3. pire : du latin pejor, « plus mauvais » et pessimus, « le plus mauvais ». Via une forme hypothétique *pedyos, « ce qui fait une chute, ce qui tombe », la plupart des étymologistes rattachent ces deux mots à notre racine[2]. Dérivés : pis (adv.), empirer, péjoratif, péjorativement, pessimiste, pessimisme.

(Pour le nom empire, sans rapport avec le verbe empirer, voir la famille PART. Et pour l’adjectif empirique, voir la famille PORT).


4. propice est probablement aussi de la famille. Il est issu de l’adjectif latin propitius, « (dieu) favorable, bienveillant », terme de la langue religieuse qui s’est ensuite étendu aux hommes et aux choses ; est propice ce qui « va au-devant » des attentes. Dérivés : propitiation, propitiatoire.

Homonymes et faux frères

1. Il y a panne et panne !
Tous deux issus de penna (branche 2), ils sont donc tous deux de la famille.
panne : nom d’étoffe, attesté sous les formes penne puis pane et enfin panne. Le mot est attesté en gallo-roman avec le sens de “fourrure”, peut-être sous l’influence du germanique *fethrō (cf. angl. feather) qui avait les deux sens de “plume” et de “fourrure”. Il désigne maintenant un tissu à poils couchés brillants utilisé dans la confection de vêtements (cf. esp. pana).
panne : terme de marine, attesté sous les formes pene, puis pane, puis penne, et enfin panne. Il désigne la plus longue pièce d’une vergue latine s’amincissant vers le bout comme l’extrémité d’une plume. C’est avec ce sens qu’il est entré dans les locutions techniques mettre en panne, être en panne qui concernent l’orientation des vergues permettant d’arrêter la marche d’un navire. D’où le sens moderne s’appliquant à tout arrêt anormal de fonctionnement d’une machine.
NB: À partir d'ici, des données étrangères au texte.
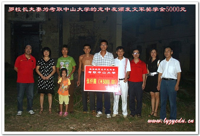 近日,正源学校校长罗湘云及夫人代表梁晓斌董事长率领高三老师多次下乡为考取名牌大学的正源学子颁发文军奖学金5000元。他们先后为考取中央财经大学的谢幽篁、考取华中科技大学的李泽亮、考取中国政法大学的周孚蓉、考取中山大学的贺志军、考取中山大学的龙中友、考取中国人民大学的贺佐琪等正源学子颁发了文军奖学金。

2. Il y a penne, pêne et peine !
penne, issu lui aussi de penna, est de la famille. Il a été évincé de l’usage commun par plume et appartient aujourd’hui au langage des ornithologues pour désigner uniquement les grandes plumes des ailes et de la queue.
pêne : via les anciennes formes pesne et pesle, est issu du latin pessulus, « verrou, pièce mobile d’une serrure ou d’un verrou », lui-même du grec passalos (< *pagyalos), « clou, cheville, piquet » (voir famille PACTE.)
peine : est issu du latin poena, lui-même emprunté au grec ποινη, poinê, terme juridique désignant la compensation versée pour une faute ou un crime. Dérivés : peiner, pénible.


3. Il y a pignon et pignon !
Outre le pignon vu plus haut, il y a un pignon qui désigne "la graine comestible du fruit du pin". Le mot est issu du provençal pinhon, dérivé de pinha, « pomme de pin », du latin pinea, de pinus, « pin ».


4. Il y a pis et pis !
Outre l’adverbe pis vu plus haut aux côtés de pire, il y a un nom masc. pis qui désigne la mamelle d’une bête laitière, et qui est – comme poitrail et poitrine – issu du latin pectus, « poitrine, cœur ».
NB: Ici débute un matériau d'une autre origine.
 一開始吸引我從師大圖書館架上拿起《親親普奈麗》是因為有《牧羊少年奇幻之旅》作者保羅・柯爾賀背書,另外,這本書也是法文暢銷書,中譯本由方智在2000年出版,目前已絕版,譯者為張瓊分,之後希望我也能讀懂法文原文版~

5. Ne sont de la famille ni pan ni panneau (< lat. pannus, « morceau d’étoffe »), ni pétanque (famille PIED) ni péter (< lat. pedere) ni petit (< lat. vulg. *pittittus) ni pétrir (< lat. pinsere, pistus) ni pénis (< lat. penis).
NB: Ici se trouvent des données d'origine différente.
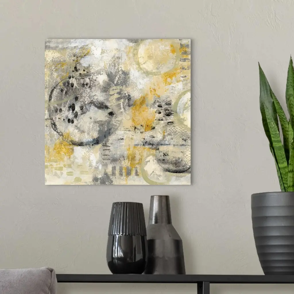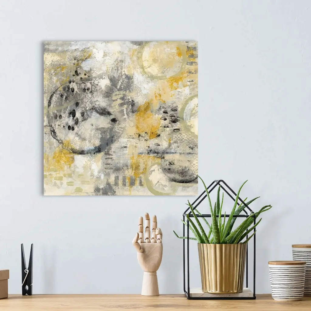 Square abstract painting using gold, black, and grey hues with hidden circles sporadically around.

Dans d’autres langues indoeuropéennes

esp. apetecer, asíntota, competir, helicóptero, ímpetu, pana, pedir, pendón, peña, perpetuo, petición, petulante, pináculo, propicio, repetir

port. apetite, competência, helicóptero, ímpeto, pedir, repetir

it. federa, penna, pennone, perpetuo, propizio, ripetere

angl. appetite, compete, feather, fern, (a) fit, impetuous, panache, pen, penna, pennon, perpetual, petition, pin, pinnacle, propitius, repeat, symptom

all. Appetit, Farn, Feder, federn, fiedern, Fittig, Helikopter, Pessimist

rus. аппетит, репетиция, симптом

Notes :

1 On peut comprendre comment on est passé de l’idée d’envol à celle de chute par l’emploi de la préposition sur après des verbes comme se lancer, se jeter, tomber. Le vol d’un rapace s’abattant sur sa proie donne une bonne idée du sémantisme de cette racine.

2 Pour une autre hypothèse, voir famille PIED, note 4.